Relation to Classical Theories

Classical evolutionary models:

  • fixed strategies
  • cooperation via selection only

Pure reinforcement learning models:

  • cooperation within lifetimes
  • no generational dynamics

This framework unifies both:

Cooperation = f(learning dynamics, evolutionary dynamics)

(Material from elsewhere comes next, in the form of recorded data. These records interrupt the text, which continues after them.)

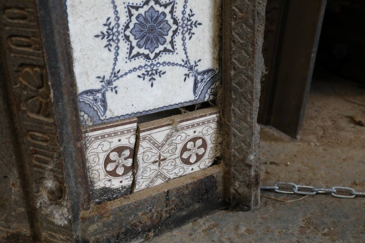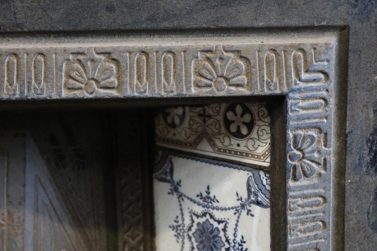 The insert displays honest signs of age and prior use. Surface corrosion marks the iron, while several tiles are missing or cracked. Additionally, wear appears along one internal edge where a fire basket once rested. With careful refurbishment, the cast iron tiled fireplace insert could resume working use. However, given its extensive wear, many buyers may prefer decorative display.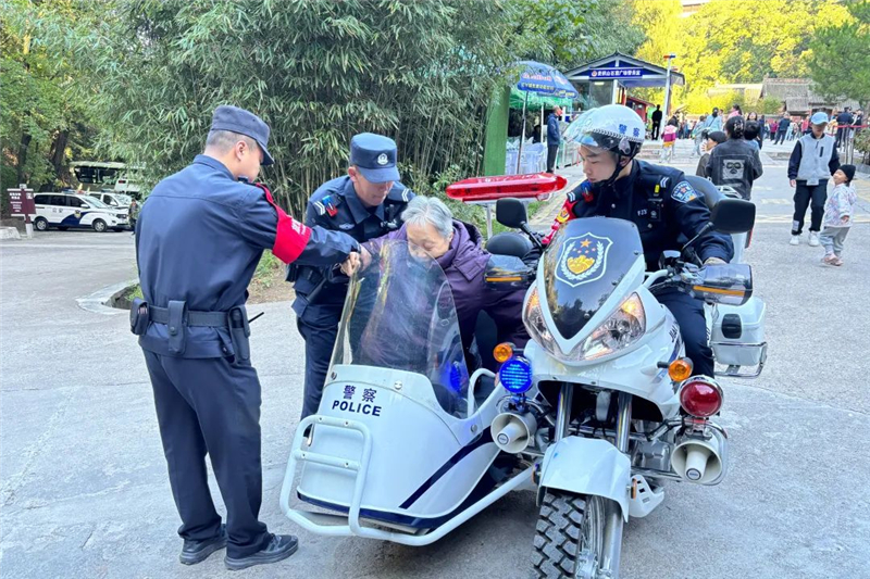 10月2日,一名陜西渭南游客向麥積山大景區(qū)派出所求助說,其母親由于年紀較大,已經(jīng)走不動了,需下山前往酒店休息,希望民警幫忙聯(lián)系車輛。隨后,旅游警察用警用摩托車送老人下山,安全到達山下停車場。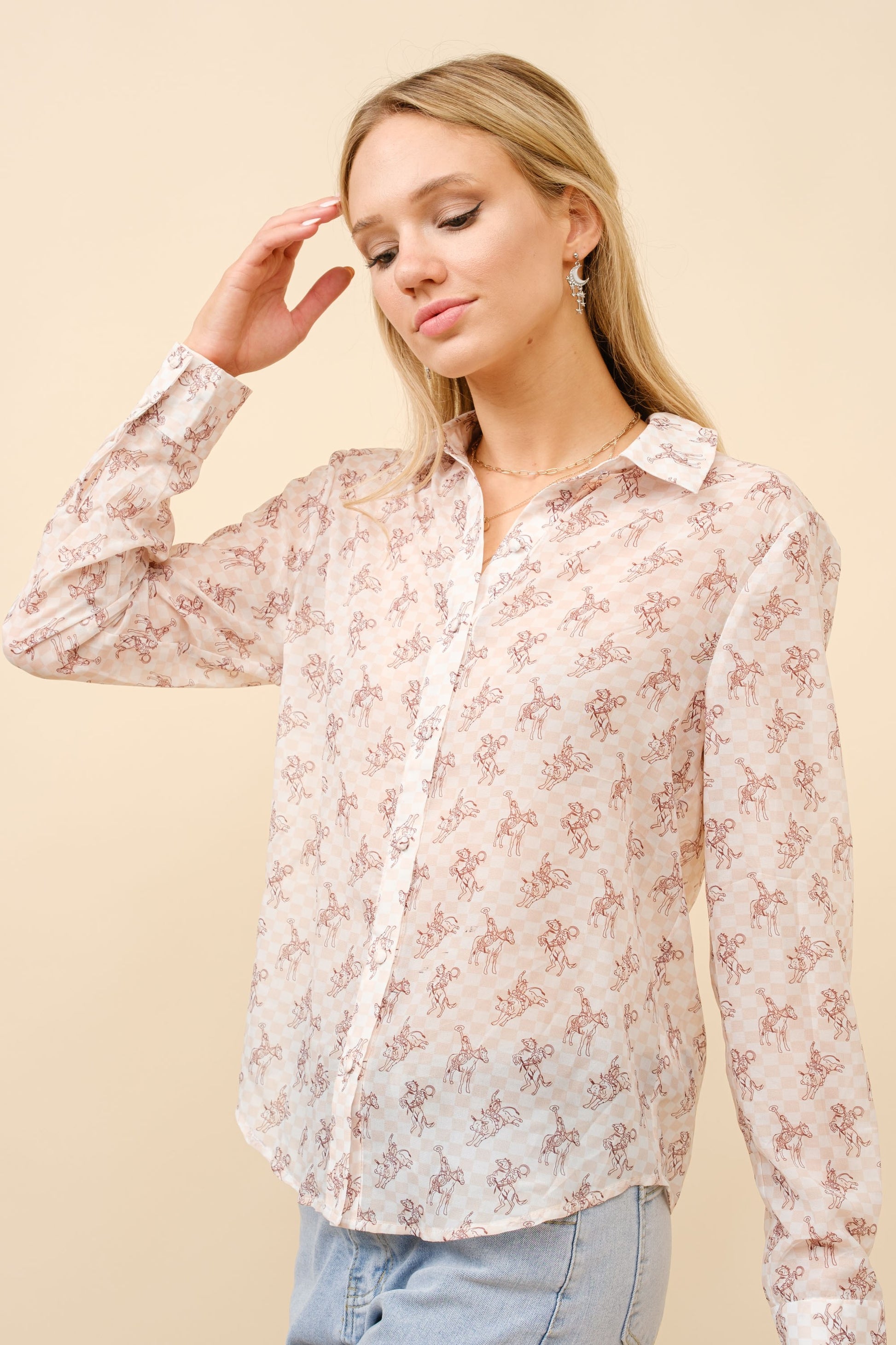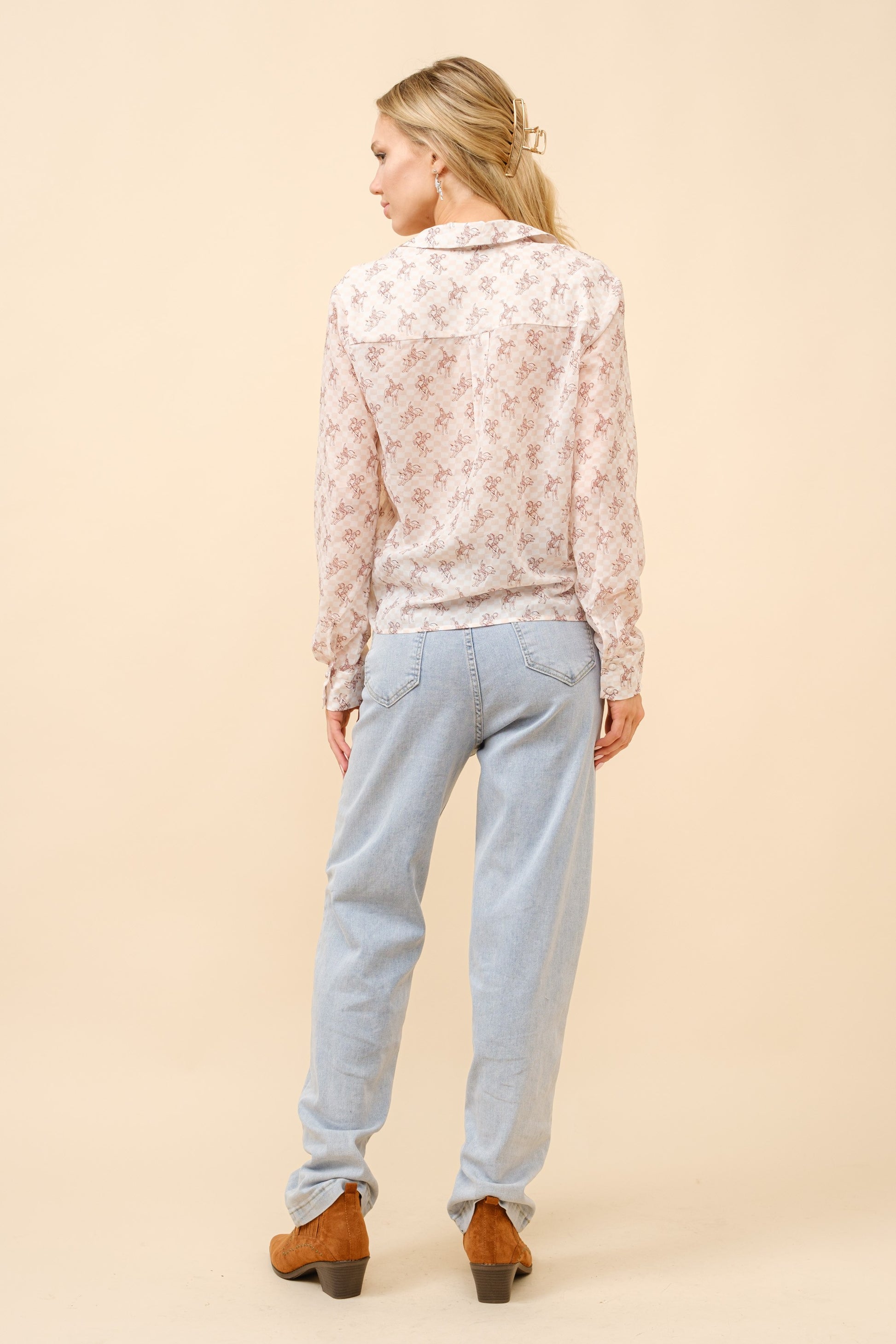 Our signature button-down blouse is back with an exquisite western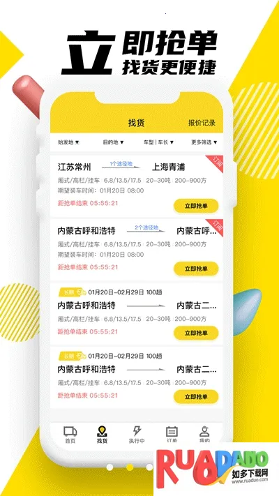 4. 司机能查看货源,认证并交押金后可抢单提供运输服务。

No single landmark paper fully matches PredPreyGrass across all dimensions (sequential MARL, ecology, cooperation, population pressure, and learning-selection coupling). The closest lines of work are:

WorkClosest axis to PPGMain gap vs PPG
Claus and Boutilier (1998), The Dynamics of Reinforcement Learning in Cooperative Multiagent SystemsFoundational emergence of cooperation in MARLSmall, abstract cooperative games; no ecological population dynamics
Leibo et al. (2017), Multi-agent Reinforcement Learning in Sequential Social DilemmasSequential social dilemmas and emergent cooperationLimited evolutionary/selection dynamics
Hughes et al. (2018), Inequity Aversion Improves Cooperation in Intertemporal Social DilemmasMechanisms that stabilize cooperation in sequential settingsFocus on social preferences, not ecology-selection coupling
Eccles et al. (2019), Learning Reciprocity in Complex Sequential Social DilemmasReciprocity under temporal and social complexityNo explicit ecological reproduction-selection loop
Leibo et al. (2018), Malthusian Reinforcement LearningPopulation pressure and ecology-linked MARL adaptationLess focused on explicit cooperative hunting ecology
Zheng et al. (2018), MAgentLarge-scale many-agent ecological-like environmentsBenchmark platform, not a specific two-timescale cooperation theory
Suarez et al. (2019), Neural MMOPersistent multi-agent worlds with resource pressure and emergent rolesDifferent task framing; weaker explicit learning-selection theory framing
Leibo et al. (2021), Melting PotBroad evaluation of social behaviors in MARLEvaluation suite rather than a single ecological cooperation model

Taken together, these works bracket PPG's design space. PPG is closest to their intersection, rather than to any one benchmark or theory.


Summary

The interaction between learning and selection:

  • couples fast behavioral adaptation with slow population change
  • enables the Baldwin effect
  • allows plasticity to guide evolution
  • explains how cooperation emerges, stabilizes, or collapses

This interaction forms the core mechanism linking nurture and nature in PredPreyGrass.